As I was very suspicious towards the charactersets, I was looking in that direction.
So, after usual definitions of supported ISO character sets, here it comes :

****************************************************
# The set below does not map to a specific (iso) standard
# but works on a fairly wide range of browsers. Note that
# capitalization actually matters (it should not, but it
# does for some browsers).
#
AddCharset GB2312 .gb2312 .gb
AddCharset utf-7 .utf7
AddCharset utf-8 .utf8
AddCharset big5 .big5 .b5
AddCharset EUC-TW .euc-tw
AddCharset EUC-JP .euc-jp
AddCharset EUC-KR .euc-kr
AddCharset shift_jis .sjis
*******************************************************

So, those are not standard ISO sets. Could it be that confused algo accepts them as default character sets?

Anyway, I have commented them out and started waiting.

P.S. Just saw Marcia's comment.

Someone in another thread commented that the US algo change comes as the last and is not yet fully implemented. I would be happy if that was true.

activeco

8:35 pm on Nov 21, 2005 (gmt 0)

10+ Year Member



I think I got some more pieces of the puzzle and probably the definitive answer.
The hostname of the (shared) IP gives the (former) hosting provider.
Digging the first three nameservers of the hostname reveal the IP range allocation to the company based in - Singapore!

The location of the nameservers?

Yahoo, please grow up.

Freemind

8:42 pm on Nov 21, 2005 (gmt 0)

10+ Year Member



Mine nameservers location:

Country: United States
Region: New York
City: Jericho

Freemind

8:22 pm on Nov 22, 2005 (gmt 0)

10+ Year Member



Try to use this form and ask:
[add.yahoo.com...]

Last time I used this form I got hand written reply withing 48 hours.

newwebster

3:55 am on Nov 23, 2005 (gmt 0)

10+ Year Member



The location of the nameservers?

I changed hosting providers back last May. My former hosting provider is located in Canada. My current one is in California USA. Yahoo still thinks I am in Canada since if I do a "search for sites in Canada" I have top listings just like it was before May. Needles to say my rankings for the US search are horrible. I think once the your site is picked up for the first time by Yahoo it finds the nameservers and pins you to that location. I also think that Yahoo does not update the nameservers location ever after it finds it the first time. Good luck but I do not think anything you do at this point will make any difference.

Yahoo has it wrong in many ways in my nich. Geo targeting is just one of them.

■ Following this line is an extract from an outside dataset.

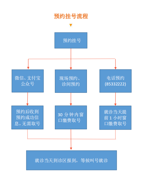2、电话预约在就诊当天(至少就诊前1小时)到门诊挂号收费窗口缴费取号,逾期作废;现场及诊间预约在预约缴费时即取得挂号单,就诊当天按时到达候诊区,逾期作废;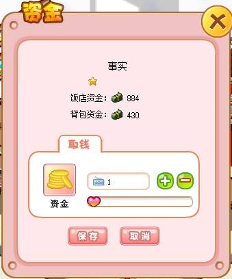 通过 “+、-”或拖动滑块的方式选择要从饭店中取出到背包的资金数额。

I just looked at the Mexico search. I rank well there to. Go figure!

Freemind

11:23 am on Nov 23, 2005 (gmt 0)

10+ Year Member



newwebster, did you tried to contant yahoo regarding us rankinks?

newwebster

3:28 pm on Nov 23, 2005 (gmt 0)

10+ Year Member



newwebster, did you tried to contant yahoo regarding us rankinks?

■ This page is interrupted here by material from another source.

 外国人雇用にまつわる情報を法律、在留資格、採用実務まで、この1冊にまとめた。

Just did, I will let you know if I hear anything.

activeco

9:34 pm on Nov 28, 2005 (gmt 0)

10+ Year Member



Update:

I have succeeded to bring at least the home page into the US domain space.
It is listed both as UK & an US page. No other US pages yet.
The consequence:
I have lost almost all of my UK traffic which made about 60% of the Yahoo searches, while not gaining anything from the USA searches!
LOL

My only hope is that this is a transitional period only and that the slow Y will make it in the end, though.